Upadacitinib Receives Breakthrough Designation
In early January, the FDA designated upadacitinib a breakthrough therapy.¹ The treatment is an oral, once daily JAK1-selective inhibitor being investigated for use in adults with moderate to severe atopic dermatitis who are candidates for systemic therapy. The FDA designation for upadacitinib was supported by positive Phase 2b clinical trial results.

The Phase 3 program for upadacitinib is planned for the first half of this year.

Abatacept Receives 3rd Australian Approval
The Australian Therapeutic Goods Administration (TGA) has approved abatacept (Orencia) to treat adults for active psoriatic arthritis (PsA) when their response to previous disease-modifying anti-rheumatic drug therapy has been inadequate. Abatacept inhibits T cell activation. This approval is the treatment’s third indication from TGA, which include rheumatoid arthritis and juvenile idiopathic arthritis.²

An Injectable Buprenorphine Depot
CAM2038 is an investigational subcutaneous depot injection of buprenorphine given weekly or monthly to treat adults with opioid use disorder. It is designed to be used as part of a comprehensive treatment plan for addiction, which includes counseling and psychosocial support.

The FDA has sent the manufacturers of CAM2038 a complete response letter regarding its new drug application. In the letter, the FDA requested additional information to move the application forward.

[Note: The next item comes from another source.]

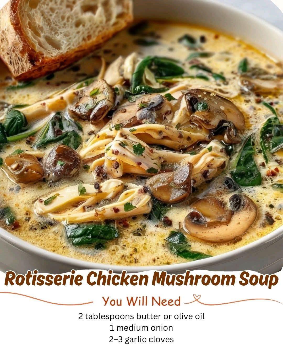 This Rotisserie Chicken Mushroom Soup is the ultimate comfort food, perfect for cozying up on a cold day. With tender mushrooms, flavorful rotisserie chicken, and a creamy broth, it’s easy to prepare and packed with delicious flavors. Whether you’re making it for a weeknight meal or serving guests, this soup is sure to impress!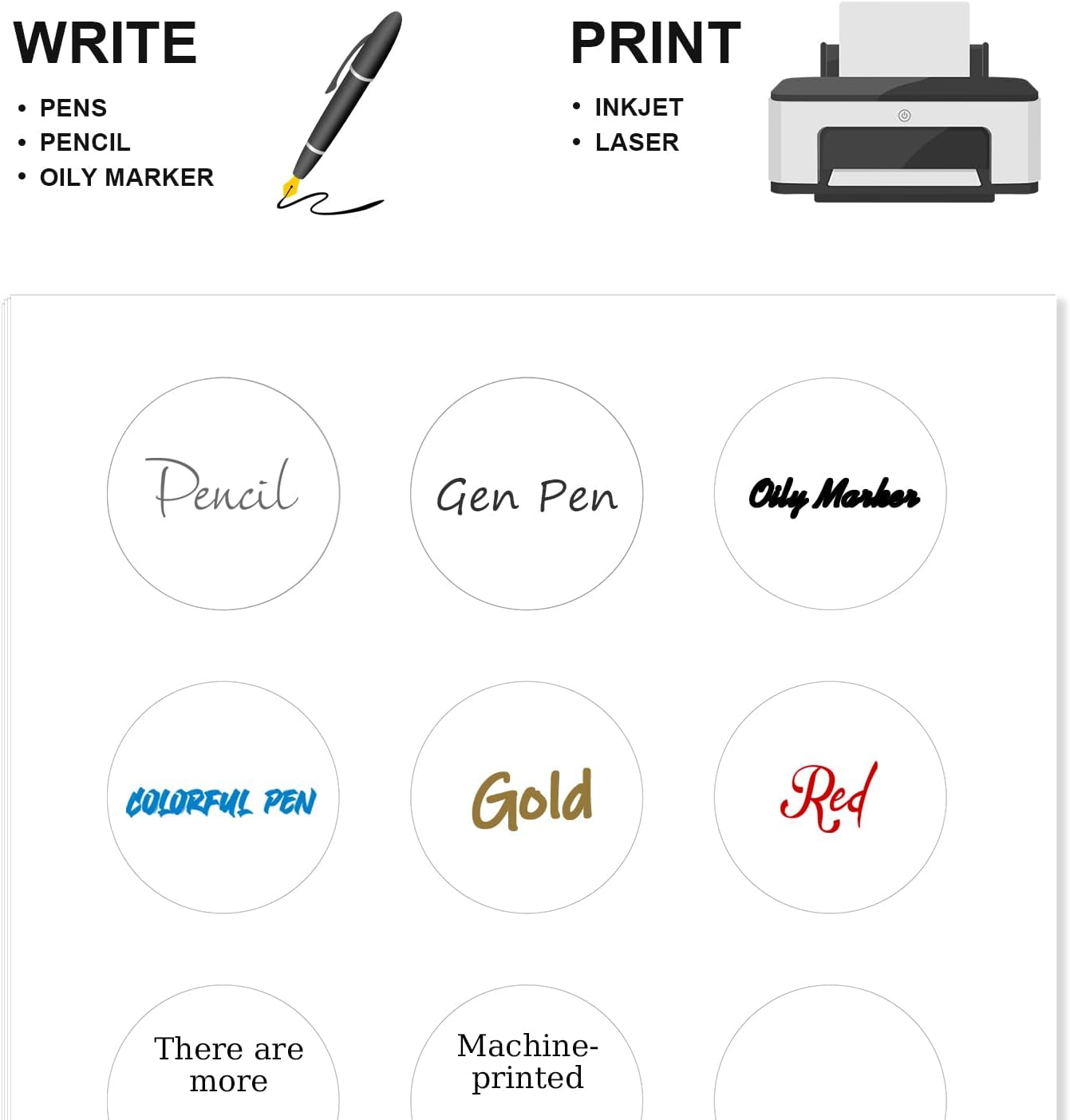 Methdic 2" Diameter High Visibility Printable Round Labels,Matte White,360 Customizable Blank Stickers

No additional clinical studies are currently being requested. The manufacturer will continue to work toward the approval of CAM2038.³

In seven Phase 1–3 clinical trials, CAM2038 has been evaluated with successful outcomes, as well as during a Phase 3 long-term safety and efficacy study. Mild to moderate injection-site adverse events were the most common reaction, differing from the known safety profile of already available buprenorphine. The investigated dosage forms are in ready-to-use prefilled syringes as once weekly (8–32 mg) and once monthly (64–160 mg) subcutaneous injections.

CAM2038 is designed for flexible and individualized treatment, for initiation and stabilization to longer-term maintenance therapy, providing sustained buprenorphine release in once weekly and once monthly formulations. It is administered by a healthcare professional to ensure delivery and medication adherence, as well as minimize the potential diversion, risks of misuse and accidental pediatric exposure.